Luci al neon pulsano nel cuore della notte sul cantiere in gestazione. Un blackout blocca momentaneamente le operazioni, ma la macchina non può fermarsi: il mostro ha fame e bisogna nutrirlo. Gli operai di questo grattacielo sono costretti a una discesa negli inferi delle sue labirintiche fondamenta: misteriosi rumori, buche ricomposte, torce intermittenti, un casco abbandonato a terra. Uno dopo l’altro, i colleghi (perlopiù di origine araba) dell’eroe (bianco, ça va sans dire) svaniscono nel nulla. L’eroe cerca di sollevare la polvere: sono stati inghiottiti dalla belva o sono fuggiti per sottrarsi a controlli immigratori? In questa riqualificazione in chiave neo-noir del realismo sociale francese, il regista alza la posta con musiche tensive e una fotografia bluastra, come se ci spingessimo negli abissi del capitalismo, di cui cominciano a intravedersi le crepe strutturali.

In superficie, però, la questione è diversa: più l’eroe affonda nella melma del sistema, più sale nelle gerarchie borghesi. Il suo fare indagatore non passa inosservato ai superiori, che gli offrono una promozione in cambio di lealtà, mentre il facinoroso collega Said tenta di ridestare le assopite coscienze di un intorpidito corpo operaio. Intanto anche la compagna dell’eroe sembra avviarsi a un lavoro stabile, e così la famiglia comincia a introdursi tra le bianche pareti di una possibile nuova casa.
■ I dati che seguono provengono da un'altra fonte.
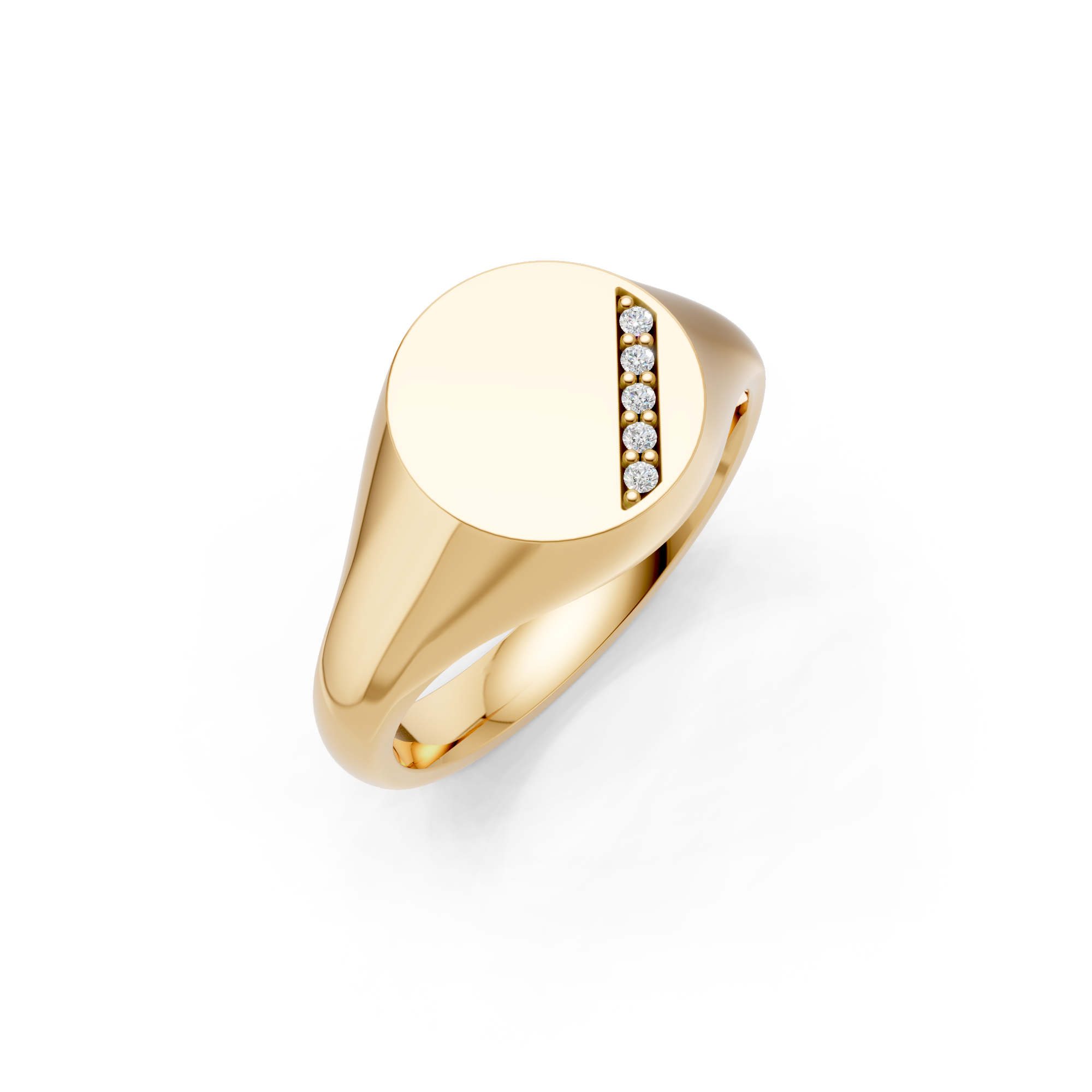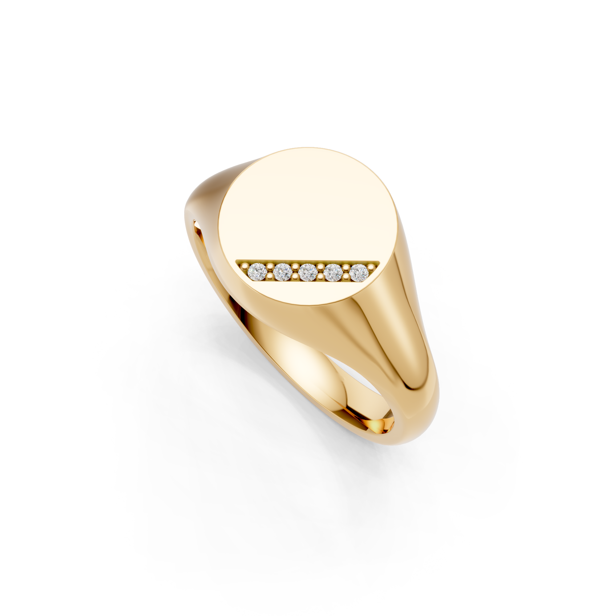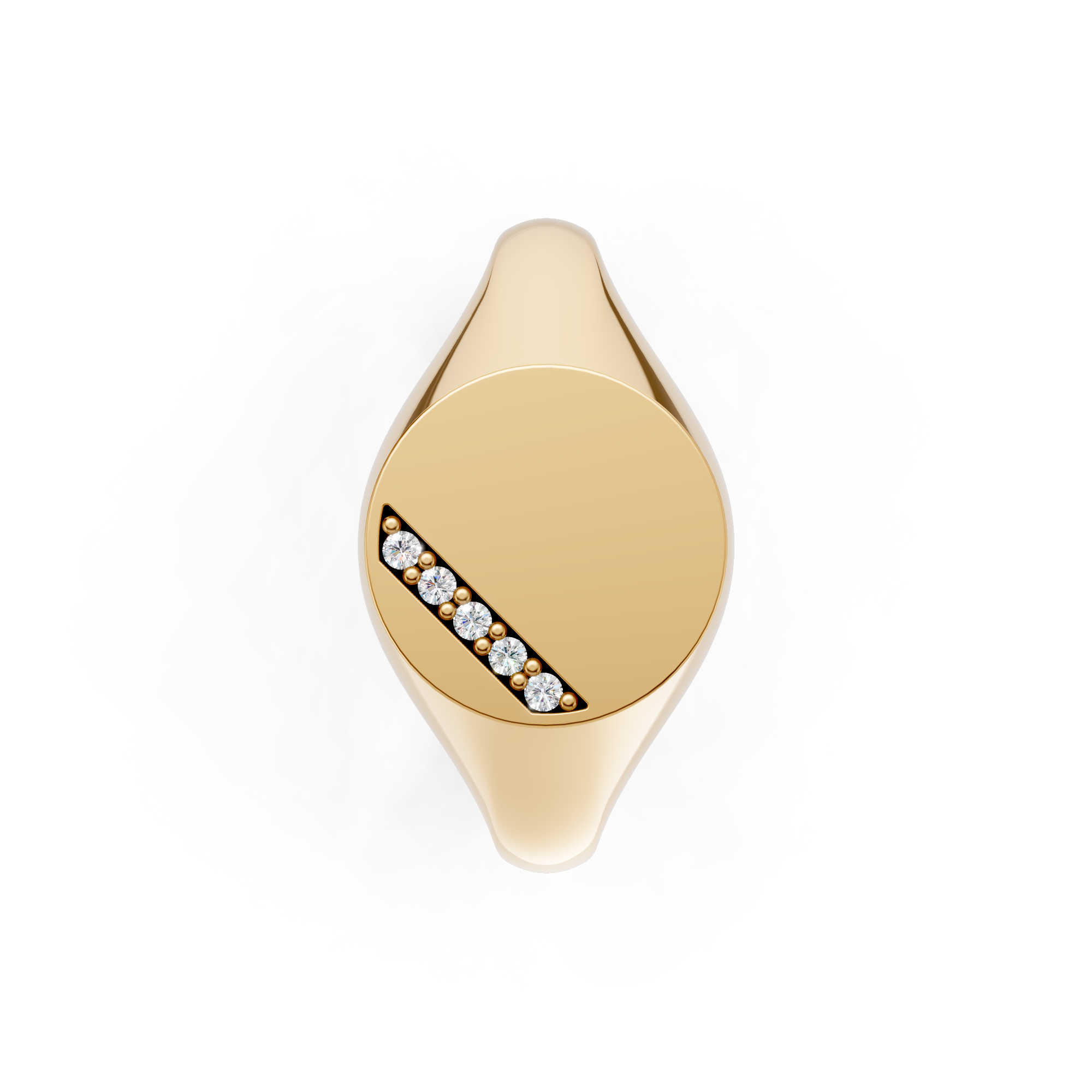 Round Shaped Diamond Set Diagonal Channel Signet Ring

Una tranquilla trasparenza accompagna queste pallide immagini di superficie a contrappuntare le cupe esplorazioni degli abissi.
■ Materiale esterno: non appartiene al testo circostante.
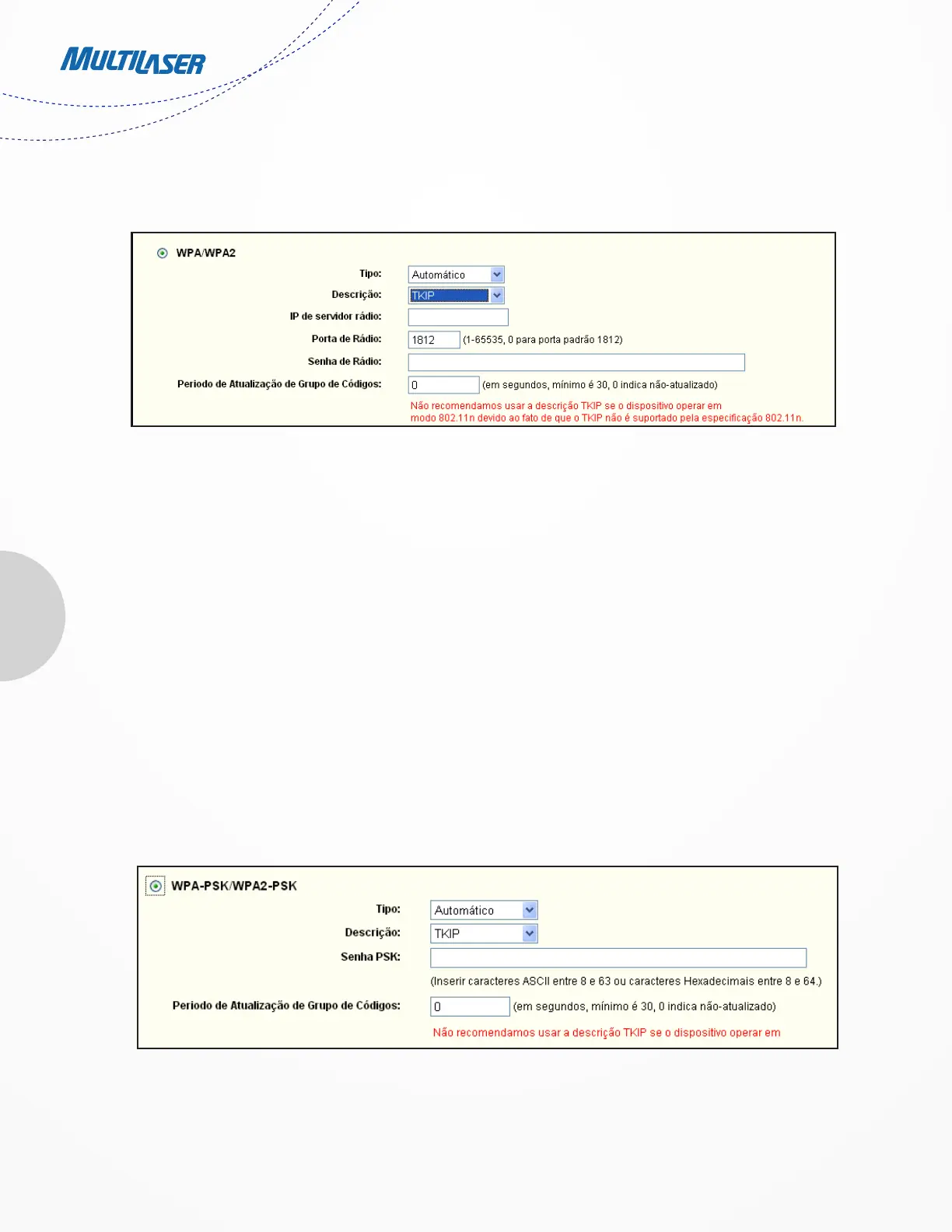 Se você marcar o botão de seleção WPA-PSK/WPA2-PSK e selecionar TKIP para a criptografia, encontrará um aviso em vermelho,

Questo gioco di netti contrasti netti, tuttavia, non produce un rigoroso amalgama autoriale, rifugiandosi piuttosto in uno schematismo che ha ben poco di dialettico e molto d’illustrativo. In un bar, la televisione passa una corsa di ippica: i cavalli cercano di superarsi a vicenda mentre l’eroe, davanti a una birra, riflette se assecondare le sue ambizioni borghesi o solidarizzare con i lavoratori. A incarnare questa lacerazione è Damien Bonnard, il cui corpo roccioso è abituato a vestire panni borghesi (Moll, Lafosse, Mouret, Kurosawa, tra i registi con cui ha lavorato), ma che qui sembra indurirsi fino a risultare didascalico, trasformandosi da inquieto indagatore delle strutture profonde della società in un villain della classe operaia.

Nel salone dalle pareti bianche, un gruppo selezionato di operai viene disposto dietro un plastico del progetto per una foto promozionale. La fotografa si assicura che il “giusto” immigrato fotogenico sia in bella vista e che tutti sorridano. In questo modo, anche il regista stesso si implica nella critica, perché è lui stesso ad aver rianimato il mostro, ad averlo reso seducente con luci al neon e suoni stranianti. Eppure, infine, nulla più gli riesce di rincarare ancora la dose con un’effimera redenzione e ammalianti artifici. L’opera prima di Akiro Hata ha il suo fascino, ma alza un polverone solo per rimanerne incantato.

Film d’Apertura del Festival di Villa Medici (Roma 10 al 14 settembre 2025) alla presenza del regista. 


Grand CielRegia: Akihiro Hata; sceneggiatura: Akihiro Hata, Jérémie Dubois; fotografia: David Chizallet; montaggio: Suzana Pedro; scenografia: Aurore Casalis, Mathieu Buffler; musica: Carla Pallone; suono: Céline Bodson, Jeanne Delplancq, Fanny Martin, Philippe Grivel; effetti visivi: Hugues Namur, Julian Nouveau; interpreti: Damien Bonnard, Samir Guesmi, Mouna Soualem, Tudor-Aaron Istodor, Ahmed Abdel-Laoui, Denis Eyriey Issaka Sawadogo, Mounir Margoum, Zacharia Mezouar; produzione: Clément Duboin per Good Fortune Films, in co-produzione con Gilles Chanial per Les Films Fauves; origine: Francia/ Lussemburgo, 2025; durata: 92 minuti; distribuzione: No. Mad Entertainment.